On Fri, Jan 22, 2016 at 12:26 PM, Cody Koeninger <co...@koeninger.org> wrote:

> Yes, you should query Kafka if you want to know the latest available
> offsets.
>
> There's code to make this straightforward in KafkaCluster.scala, but the
> interface isnt public.  There's an outstanding pull request to expose the
> api at
>
> https://issues.apache.org/jira/browse/SPARK-10963
>
> but frankly it appears unlikely that a committer will merge it.
>
> Your options are:
>  - use that api from java (since javac apparently doesn't respect scala
> privacy)
> - apply that patch or its equivalent and rebuild (just the
> spark-streaming-kafka subproject, you don't have to redeploy spark)
> - write / find equivalent code yourself
>
> If you want to build a patched version of the subproject and need a hand,
> just ask on the list.
>
>
> On Fri, Jan 22, 2016 at 1:30 PM, Charles Chao <ch...@bluecava.com>
> wrote:
>
>> Hi,
>>
>> I have been using DirectKafkaInputDStream in Spark Streaming to consumer
>> kafka messages and it’s been working very well. Now I have the need to
>> batch process messages from Kafka, for example, retrieve all messages every
>> hour and process them, output to destinations like Hive or HDFS. I would
>> like to use KafkaRDD and normal Spark job to achieve this, so that many of
>> the logics in my streaming code can be reused.
>>
>> In the excellent blog post *Exactly-Once Spark Streaming from Apache
>> Kafka*, there are code examples about using KafkaRDD. However, it
>> requires an array of OffsetRange, which needs specify the start and end
>> offset.
>>
>> My question is, should I write additional code to talk to Kafka and
>> retrieve the latest offset for each partition every time this hourly job is
>> run? Or is there any way to let KafkaUtils know to “read till latest” when
>> creating the KafkaRDD?
>>
>> Thanks,
>>
>> Charles
>>
>>
>

Re: Use KafkaRDD to Batch Process Messages from Kafka

Posted by Cody Koeninger <co...@koeninger.org>.
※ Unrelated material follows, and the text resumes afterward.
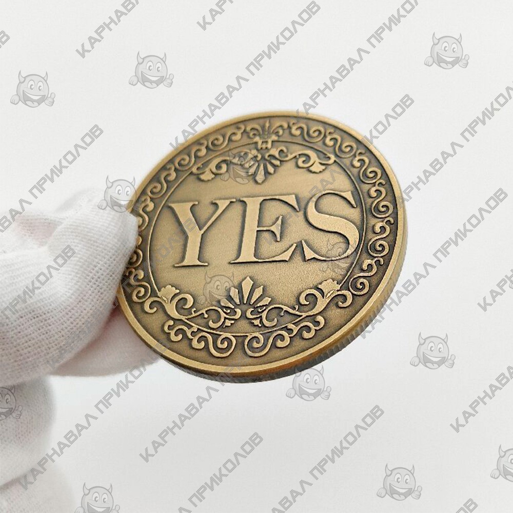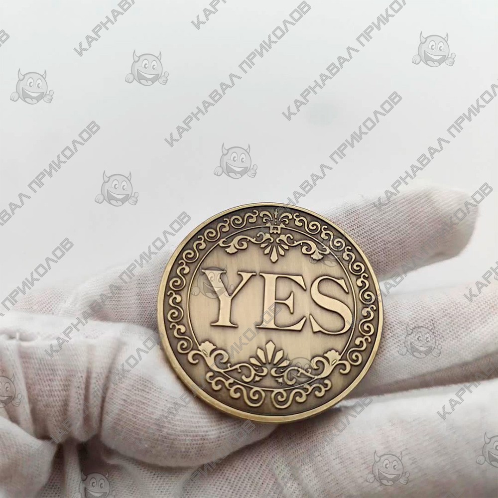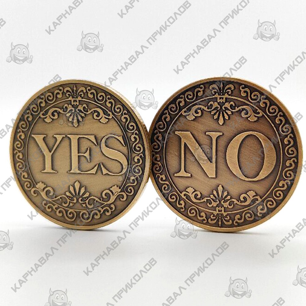 Сувенирная монета принятия решений YES/NO 3703 (золото антик) – Ваш персональный оракул. Не уверенны в выборе? Не знаете, какой ответ дать? Позвольте судьбе решить вас с помощью этой стильной сувенирной монеты! Это не просто аксессуар, а веселый и оригинальный способ развеять сомнения или развлечь друзей в компании. Монета имеет стилизованное под старину матовое покрытие с благородным отливом для поклонников винтажа. На одной стороне нанесена четкая надпись YES (ДА). На другой – NO(НЕТ). Обе стороны украшены изящным барочным узором по кругу, что придает монете эстетический вид. Почему это крутой подарок? Помогает быстро и с юмором принять мелкие бытовые решения. Стильный сувенир, прекрасно смотрящийся в коллекции, на рабочем столе или в кошельке как талисман. И просто оригинальный презент. Прекрасная идея для подарка коллеге, вторую или на вечеринку.
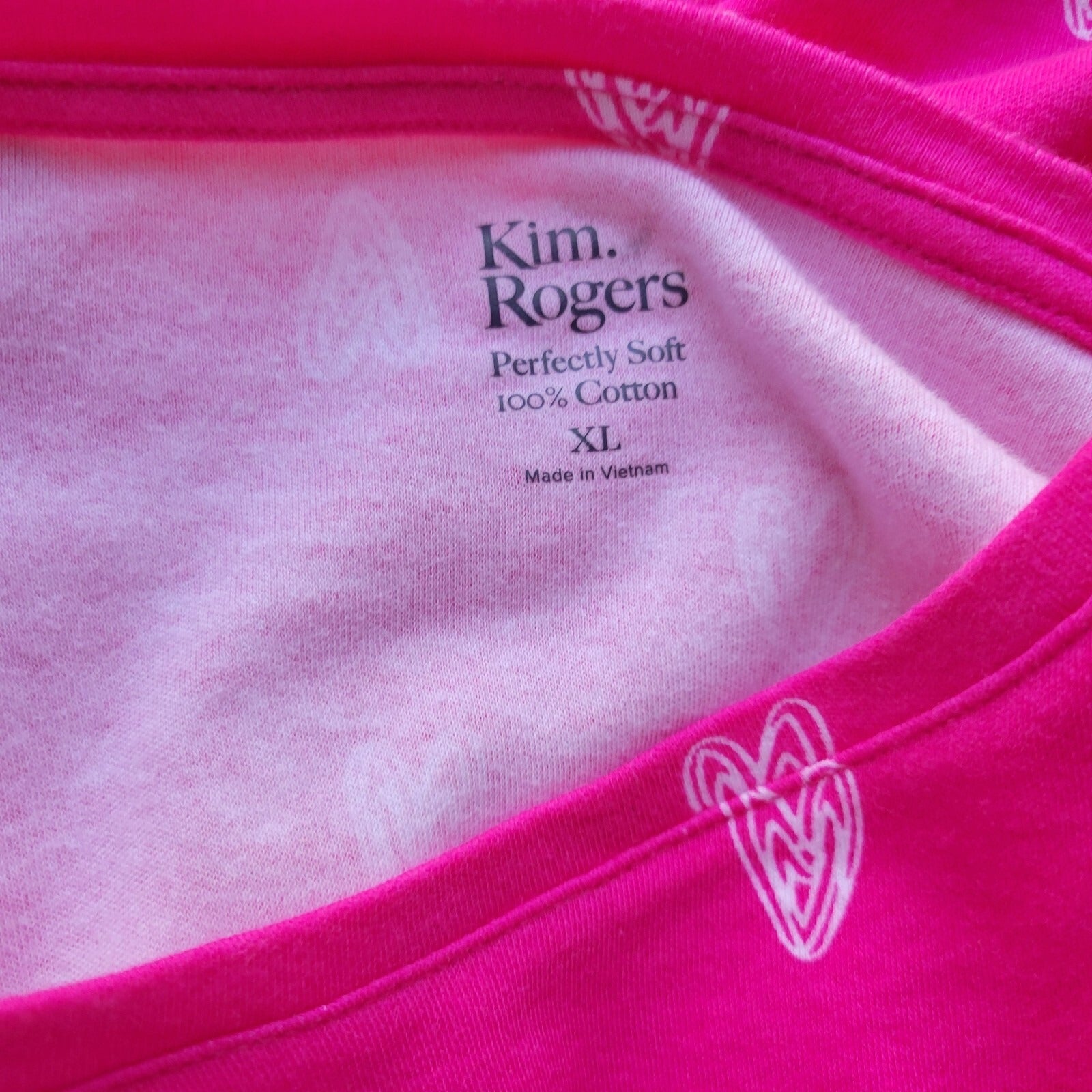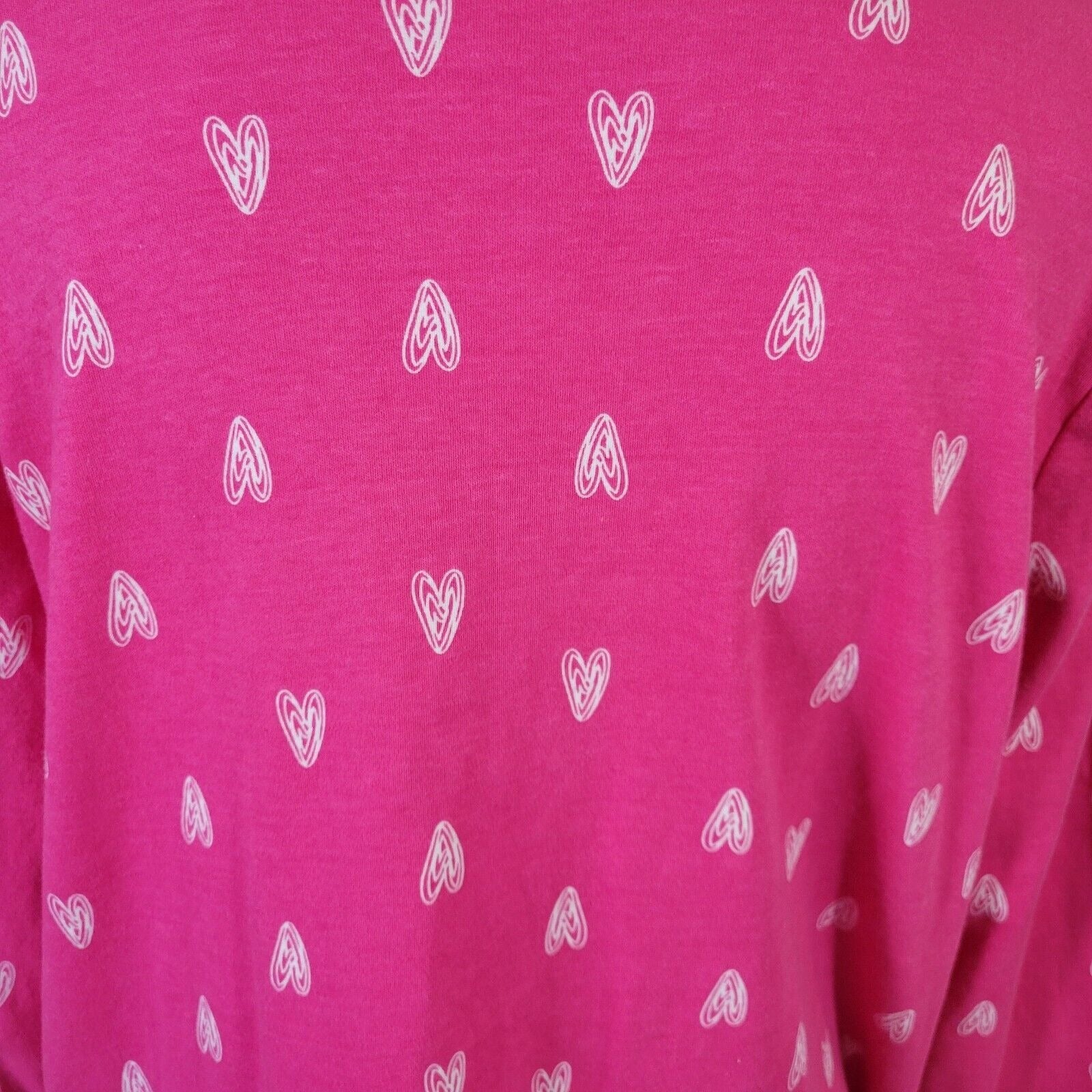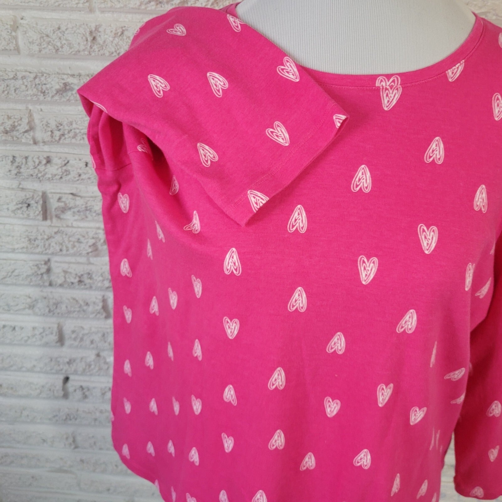 Valentines Day Kim Rogers Womens Top XL 3/4 Sleeve Cotton Pink Hearts All Over

Yes, you should query Kafka if you want to know the latest available
offsets.

There's code to make this straightforward in KafkaCluster.scala, but the
interface isnt public.  There's an outstanding pull request to expose the
api at

https://issues.apache.org/jira/browse/SPARK-10963

but frankly it appears unlikely that a committer will merge it.

Your options are:
 - use that api from java (since javac apparently doesn't respect scala
privacy)
- apply that patch or its equivalent and rebuild (just the
spark-streaming-kafka subproject, you don't have to redeploy spark)
- write / find equivalent code yourself

If you want to build a patched version of the subproject and need a hand,
just ask on the list.


On Fri, Jan 22, 2016 at 1:30 PM, Charles Chao <ch...@bluecava.com>
wrote:

> Hi,
>
> I have been using DirectKafkaInputDStream in Spark Streaming to consumer
> kafka messages and it’s been working very well. Now I have the need to
> batch process messages from Kafka, for example, retrieve all messages every
> hour and process them, output to destinations like Hive or HDFS. I would
> like to use KafkaRDD and normal Spark job to achieve this, so that many of
> the logics in my streaming code can be reused.
>
> In the excellent blog post *Exactly-Once Spark Streaming from Apache
> Kafka*, there are code examples about using KafkaRDD. However, it
> requires an array of OffsetRange, which needs specify the start and end
> offset.
>
> My question is, should I write additional code to talk to Kafka and
> retrieve the latest offset for each partition every time this hourly job is
> run? Or is there any way to let KafkaUtils know to “read till latest” when
> creating the KafkaRDD?
>
> Thanks,
>
> Charles
>
>